千松信也「ぼくは猟師になった」

めずらしい人もいるものだ。大学(京大)を出て、猟師になった人の話。猟師では食べていけないので、運送会社でバイトをしながら猟師を続けている…。
そうなんだ。日本では、猟師は食べていけないのだ。前半は、なぜ猟師になったか?という生い立ちの話。小さいころから生き物が好きだったこと。動物に触れる仕事がしたくて、獣医をめざそうとしたこと。
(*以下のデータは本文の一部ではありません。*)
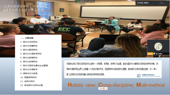 她以中国跨文化交际学会2020年会的议题为例,说明了跨文化能力研究的多学科性以及建立整体性研究视野的重要性和必要性。她联系目前全球抗击疫情中的热点问题,提出要在跨文化能力研究中,建立非西方的研究立场和视角,讲好中国故事。
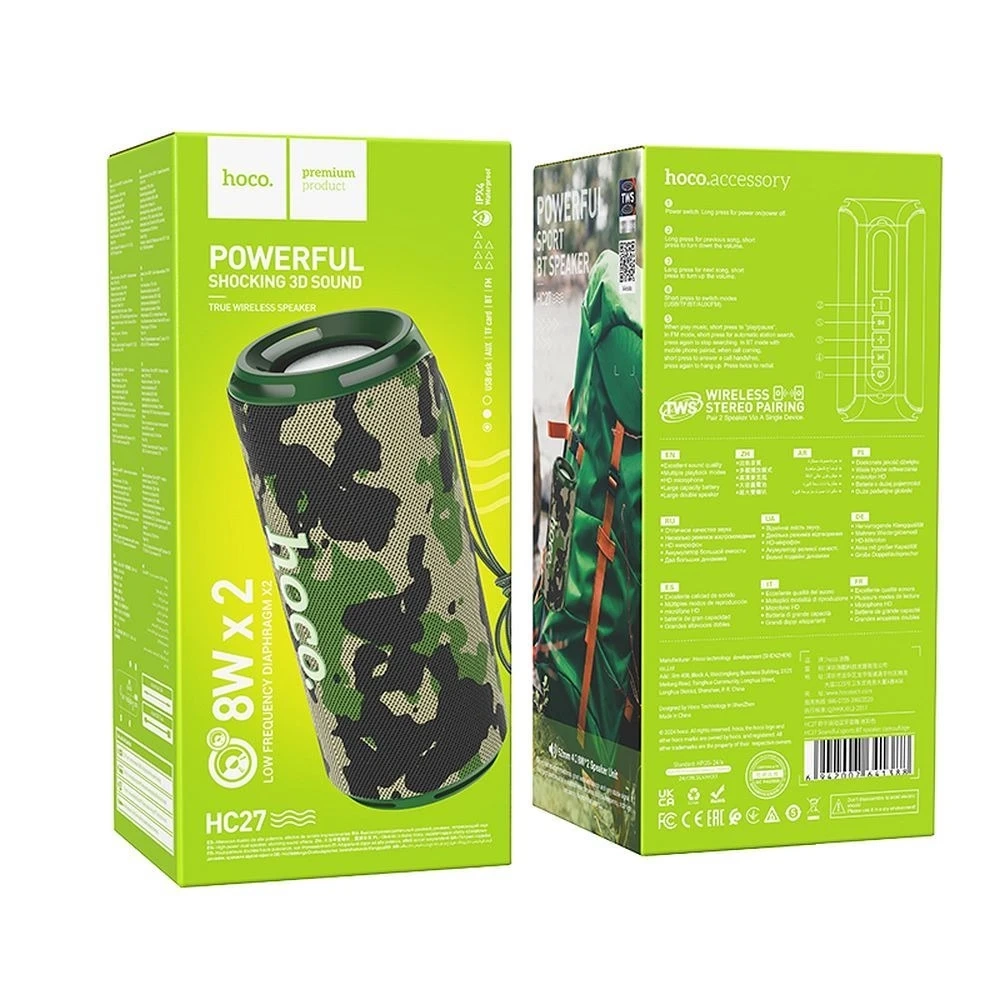 Ciesz się ulubioną muzyką wszędzie, gdzie jesteś, dzięki przenośnemu głośnikowi Hoco HC27 Moro. Wyposażony w Bluetooth 5.4, pozwala na łatwe połączenie z urządzeniami audio, zapewniając doskonałą jakość dźwięku. Głośnik charakteryzuje się potężnym dźwiękiem dzięki dwóm głośnikom 2 x 8W, które zapewniają czysty i pełny dźwięk.

学生の頃、バイト先で猟師と知り合い、ワナ猟の手ほどきを受ける。卒業後、京都の郊外に住み、猟師生活を始める。猟師では食べていけないので、運送会社で働きながら狩猟を続けている。
後半は、狩猟生活のディテールを解説してくれる。
ワナ猟では、シカとイノシシを捕る。考えてみれば当たり前のことだが、捕った獲物は、(ワナでは死なない)自分で殺して解体・精肉しなければならない。シカで2〜3時間、イノシシなら数時間を要するという。その当たり前のことに衝撃を受ける。自分にはとてもできない。いや訓練すればできるかもしれないが大変だ。捕まえた獲物は、その日のうちに処理しないといけないので、猟期の忙しい時には、徹夜に近い作業になることもある。その他、網を使った鴨やスズメの猟の様子。肉の処理や調理法などの説明が続く。猟期以外も魚を捕ったり、木の実を採集したり、鹿皮をなめしてバッグを作ったりの生活。これは農業が生まれる以前の狩猟採集生活ではないか。いわば縄文人の生活。
それは究極のロハスだと思った。私たちは普段スーパーでパック入りの肉を買う。レストランで肉料理を食べる。その時、その肉が屠殺され、解体され、精肉された家畜の一部であったことを意識することはない。
猟師になるということ。それは現代人が忘れてしまった肉食=殺生の世界に自ら身を置くことに他ならない。しかし、この本を読んでいて、不思議に残酷さやこわさは感じない。むしろ自然と一体となって生きる清々しさすら感じる。著者が猟銃ではなく、ワナを使う猟にこだわっているせいかもしれない。国家は、このような「殺生」を隔離し、差別することで、その権力を維持してきた。

この清々しさは、自然を搾取しない生活。自然が与えてくれる最小限の恵みだけで生きる生活から来るのではないかと思う。
そういう生活を自ら選んで飛び込んでいく著者の姿勢は、とてもラディカルだ。この本を読むと、農業ですら自然を搾取している。と感じる。